Camping is usually a safe place to park the bike.I rode to Cornwall last year and used various types of camp site from little field types to large caravan sharing jobby with swimming pool.I just locked the bike to either a tree,fence or on my last site,just laid the bike down by the tent and locked it as usual but with some of the guy ropes pegged through the frame.Some sites might have a secure lock-up or garage,but i never needed such a thing
Hope that puts your mind at rest


----------



## J-Lo (6 Aug 2011)

Im not too keen on lugging them around with me.. I suppose on most campsites it might be fine to leave your bike un-chained next to your tent? Obviously thats a last resort..

Thanks skud, when you say you 'locked it as usual' when laid on the ground next to tent what do you use?


----------



## Angelfishsolo (6 Aug 2011)

J-Lo said:


> Im not too keen on lugging them around with me.. I suppose on most campsites it might be fine to leave your bike un-chained next to your tent? Obviously thats a last resort..
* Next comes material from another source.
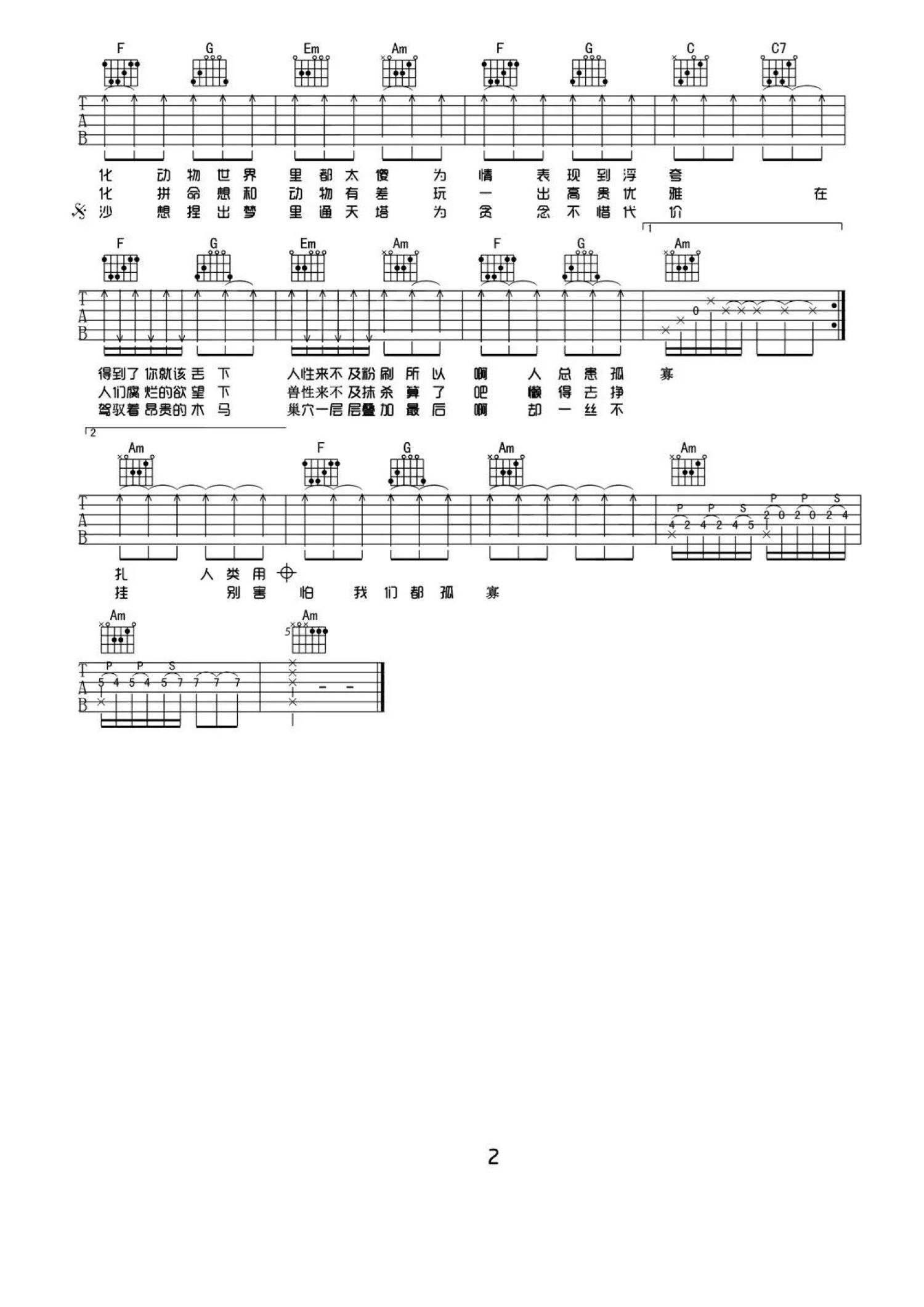 动物世界吉他谱 - 薛之谦 - C调吉他弹唱谱

Lugging what around with you?


----------



## J-Lo (6 Aug 2011)

Them big ground anchors.. Although I suppose they could just sit on top of your rack with tent etc


----------



## MontyVeda (6 Aug 2011)

edit, j-lo got there first. I don't fancy lugging two ground anchors either. There's always (usually) going to be a fence or something to chain it to instead.


I went camping in the lakes years ago. Two bikes were chained together around a small tree trunk and fairly secure. It rained that night and it's amazing how much the rain can sound like some bloke with a hacksaw when you're paranoid.

another edit...







bike lock cannot be moved without cutting or digging... or by simply bending the cheap metal of those anchors because they're not welded.


----------



## Angelfishsolo (6 Aug 2011)

J-Lo said:


> Them big ground anchors.. Although I suppose they could just sit on top of your rack with tent etc



They are pretty light as I recall.


----------



## J-Lo (6 Aug 2011)

Thats the thing that I thought too monty, the 'hook' on them anchors aren't welded and look like they could easily be bent.
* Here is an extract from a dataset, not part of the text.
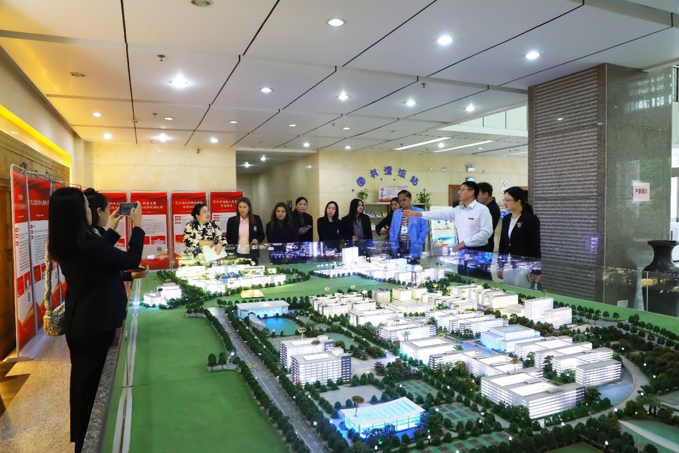 座谈会前,英国正版365官方网站合作处/国际教育学院相关负责人陪同代表团参观了学校沙盘、教师教育展。

I dont suppose it matters even if the object you chain your bike too isn't immediately next to your tent, aslong as its on the campsite lol?!


----------



## MontyVeda (6 Aug 2011)

J-Lo said:


> Thats the thing that I thought too monty, the 'hook' on them anchors aren't welded and look like they could easily be bent.
> 
> I dont suppose it matters even if the object you chain your bike too isn't immediately next to your tent, aslong as its on the campsite lol?!



The more secure alternative are caravan ground anchors like...






...but again, it's just more luggage and not necessarily needed


----------



## YahudaMoon (6 Aug 2011)

Put your bike in the tent and sleep outside 

Or fishing wire connected to your bike / tent. So when you wake up not only is your bike missing, your tent has gone as well


----------



## YahudaMoon (6 Aug 2011)

Take some rope, climbing rope is best. Set up your tent near a tall tree . Tie the rope onto bike, throw rope round the highest branch possible and pull bike to the top of the tree. Achor rope to your tent. No one will see your bike 60ft up a tree at night.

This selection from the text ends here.